5 files changed, 348 insertions, 3 deletions
diff --git a/Documentation/bpf/bpf_design_QA.rst b/Documentation/bpf/bpf_design_QA.rst
index 10453c627135..cb402c59eca5 100644
--- a/Documentation/bpf/bpf_design_QA.rst
+++ b/Documentation/bpf/bpf_design_QA.rst
@@ -85,8 +85,33 @@ Q: Can loops be supported in a safe way?
 A: It's not clear yet.
 
 BPF developers are trying to find a way to
-support bounded loops where the verifier can guarantee that
-the program terminates in less than 4096 instructions.
+support bounded loops.
+
+Q: What are the verifier limits?
+--------------------------------
+A: The only limit known to the user space is BPF_MAXINSNS (4096).
+It's the maximum number of instructions that the unprivileged bpf
+program can have.
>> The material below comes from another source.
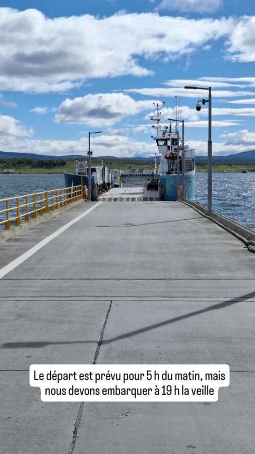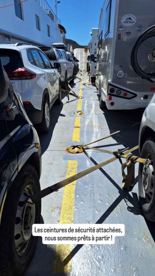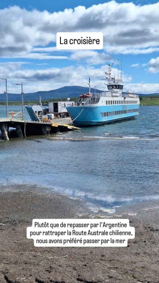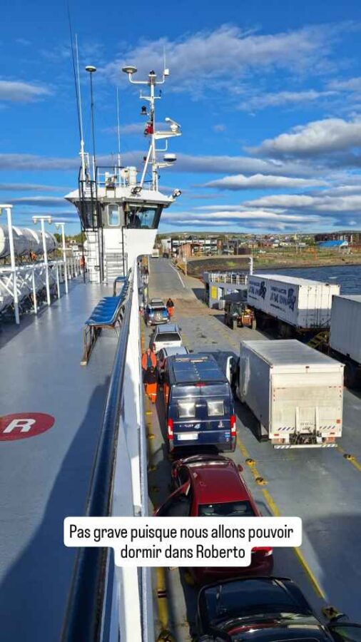 Nous avions réservé plus d’un mois auparavant notre passage sur le Crux Australis, dont les départs ne se font que tous les 5 à 7 jours selon la saison. Le trajet dure 3 nuits et 2 jours. Il n’y a pas de cabines individuelles mais une grande salle aux sièges très inclinables pour les passagers. Le gros plus pour nous est que nous pourrons dormir dans Roberto. Nous embarquons à 18h30 pour un départ prévu à …5h du matin.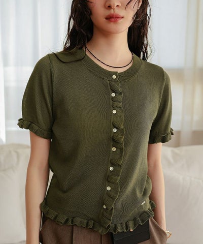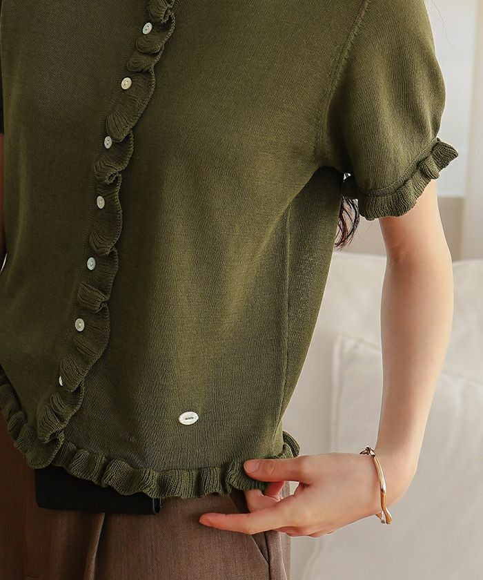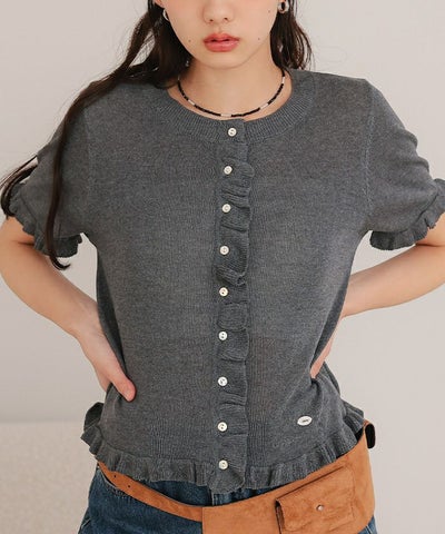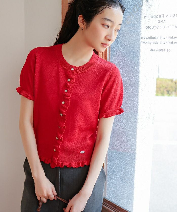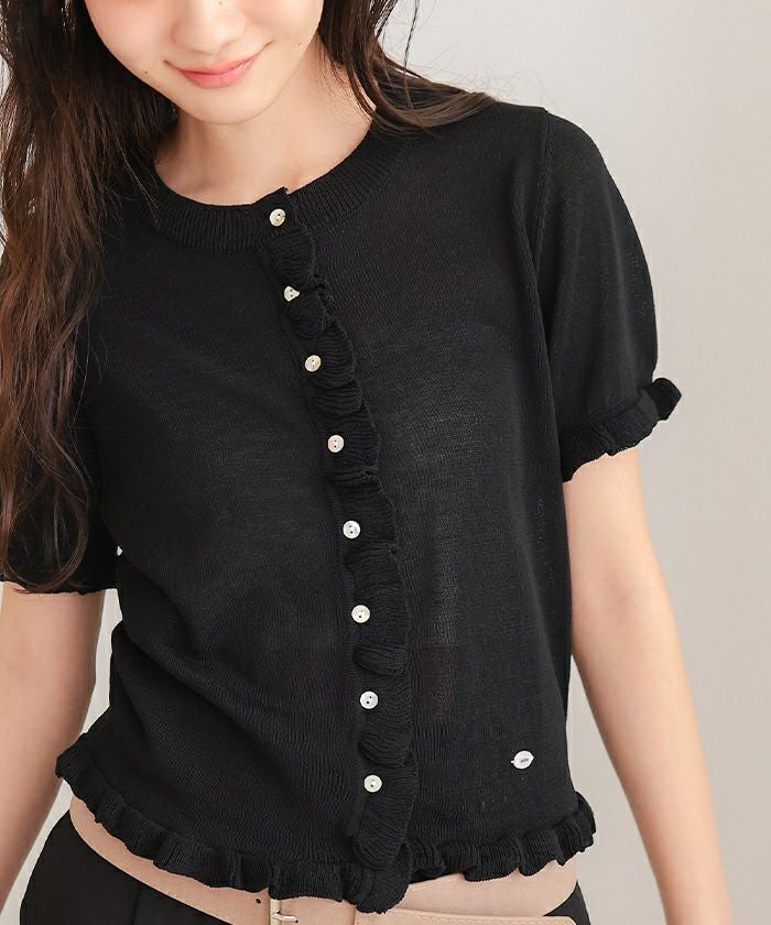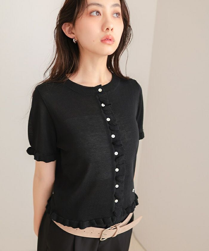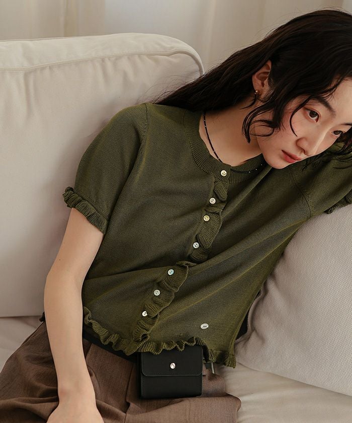 ・フリルデザインがポイントの半袖ニットカーディガン

The verifier has various internal limits.
+Like the maximum number of instructions that can be explored during
+program analysis. Currently, that limit is set to 1 million.
+Which essentially means that the largest program can consist
+of 1 million NOP instructions. There is a limit to the maximum number
+of subsequent branches, a limit to the number of nested bpf-to-bpf
+calls, a limit to the number of the verifier states per instruction,
+a limit to the number of maps used by the program.
+All these limits can be hit with a sufficiently complex program.
+There are also non-numerical limits that can cause the program
+to be rejected. The verifier used to recognize only pointer + constant
+expressions. Now it can recognize pointer + bounded_register.
+bpf_lookup_map_elem(key) had a requirement that 'key' must be
+a pointer to the stack. Now, 'key' can be a pointer to map value.
+The verifier is steadily getting 'smarter'. The limits are
+being removed. The only way to know that the program is going to
+be accepted by the verifier is to try to load it.
+The bpf development process guarantees that the future kernel
+versions will accept all bpf programs that were accepted by
+the earlier versions.
+
 
 Instruction level questions
 ---------------------------
diff --git a/Documentation/bpf/btf.rst b/Documentation/bpf/btf.rst
index 7313d354f20e..35d83e24dbdb 100644
--- a/Documentation/bpf/btf.rst
+++ b/Documentation/bpf/btf.rst
@@ -82,6 +82,8 @@ sequentially and type id is assigned to each recognized type starting from id
     #define BTF_KIND_RESTRICT       11      /* Restrict     */
     #define BTF_KIND_FUNC           12      /* Function     */
     #define BTF_KIND_FUNC_PROTO     13      /* Function Proto       */
+    #define BTF_KIND_VAR            14      /* Variable     */
+    #define BTF_KIND_DATASEC        15      /* Section      */
 
 Note that the type section encodes debug info, not just pure types.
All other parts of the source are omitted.